Carpio, Carpio-Morales and Tinga, JJ., concur.
[1] Rollo, pp. 8-23. Penned by Associate Justice Salvador J. Valdez, Jr., with Associate Justices Mercedes Gozo-Dadole, and Sergio L. Pestaño concurring.
[2] Id. at 24.
[*] PARAD in some parts of the records.
[4] Id. at 55.
[5] Id. at 79-85.
[6] AN ACT TO ORDAIN THE AGRICULTURAL LAND REFORM CODE AND TO INSTITUTE LAND REFORMS IN THE PHILIPPINES, INCLUDING THE ABOLITION OF TENANCY AND THE CHANNELING OF CAPITAL INTO INDUSTRY, PROVIDE FOR THE NECESSARY IMPLEMENTING AGENCIES, APPROPRIATE FUNDS THEREFOR AND FOR OTHER PURPOSES.
[7] Rollo, pp. 86-91.
[8] Id. at 111-119.
[9] SEC. 38. Statute of Limitations. An action to enforce any cause of action under this Code shall be barred if not commenced within three years after such cause of action accrued.
[10] Rollo, pp. 120-125.
[11] Id. at 36-37.
[12] Id. at 22-23.
[13] Id. at 39.
[14] DEPARTMENT OF AGRARIAN REFORM ADJUDICATION BOARD (DARAB) NEW RULES OF PROCEDURE (1994).
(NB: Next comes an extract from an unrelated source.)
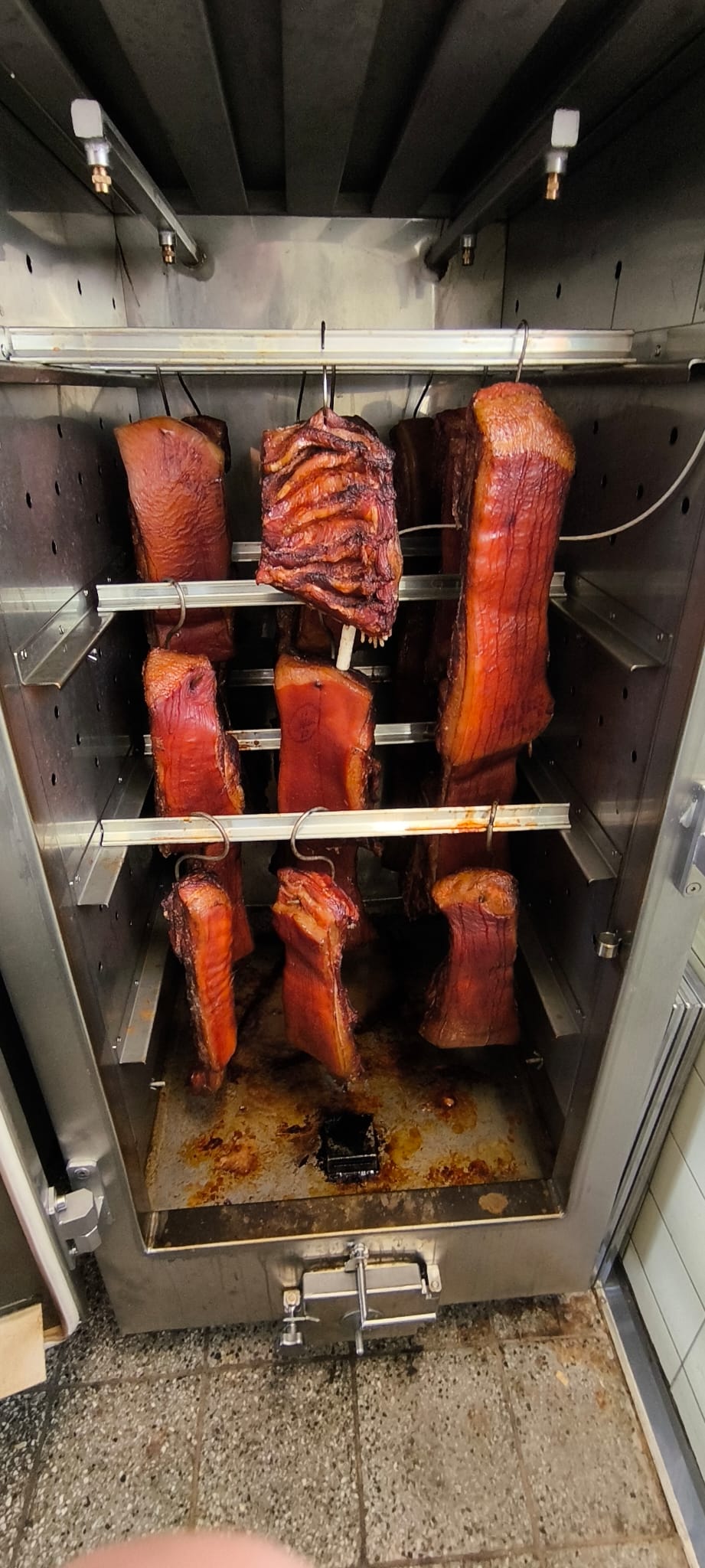- Teplý pult - denně pečeme kuřecí čtvrtky, křídla, plněné závitky ze stehenních řízků, pečená sekaná, uzená kolena

RULE II JURISDICTION OF THE ADJUDICATION BOARD.
SECTION 1. Primary and Exclusive Original and Appellate Jurisdiction. The Board shall have primary and exclusive jurisdiction, both original and appellate, to determine and adjudicate all agrarian disputes involving the implementation of the Comprehensive Agrarian Reform
Program (CARP) under Republic Act No. 6657, Executive Order Nos. 228, and 129-A, Republic Act No. 3844 as amended by Republic Act No. 6389, Presidential Decree No. 27 and other agrarian laws and their implementing rules and regulations. Specifically, such jurisdiction shall
include but not be limited to cases involving the following:
x x x
e) Those involving the sale, alienation, mortgage, foreclosure, pre-emption and redemption of agricultural lands under the coverage of the CARP or other agrarian laws;
x x x
[15] AN ACT INSTITUTING A COMPREHENSIVE AGRARIAN REFORM PROGRAM TO PROMOTE SOCIAL JUSTICE AND INDUSTRIALIZATION, PROVIDING THE MECHANISM FOR ITS IMPLEMENTATION, AND FOR OTHER PURPOSES.
[16] G.R. Nos. 139913 & 140159, 16 January 2004, 420 SCRA 90.
[17] Id. at 99-100 citing Basilio v. De Guzman, 105 Phil. 1276 (1959).
[18] Rules of Court, Rule 39, Sec. 47, par. (c).
SEC. 47. Effect of judgments or final orders. The effect of a judgment or final order rendered by a court of the Philippines, having jurisdiction to pronounce the judgment or final order, may be as follows:. . .
(c) In any other litigation between the same parties or their successors in interest, that only is deemed to have been adjudged in a former judgment or final order which appears upon its face to have been so adjudged, or which was actually and necessarily included therein
or necessary thereto.
[19] Melchor v. Gironella, G.R. No. 151138, 16 February 2005, 451 SCRA 476, 483 citing Tapiador v. Office of the Ombudsman, G.R. No. 129124, 15 March 2002, 379 SCRA 322, 330.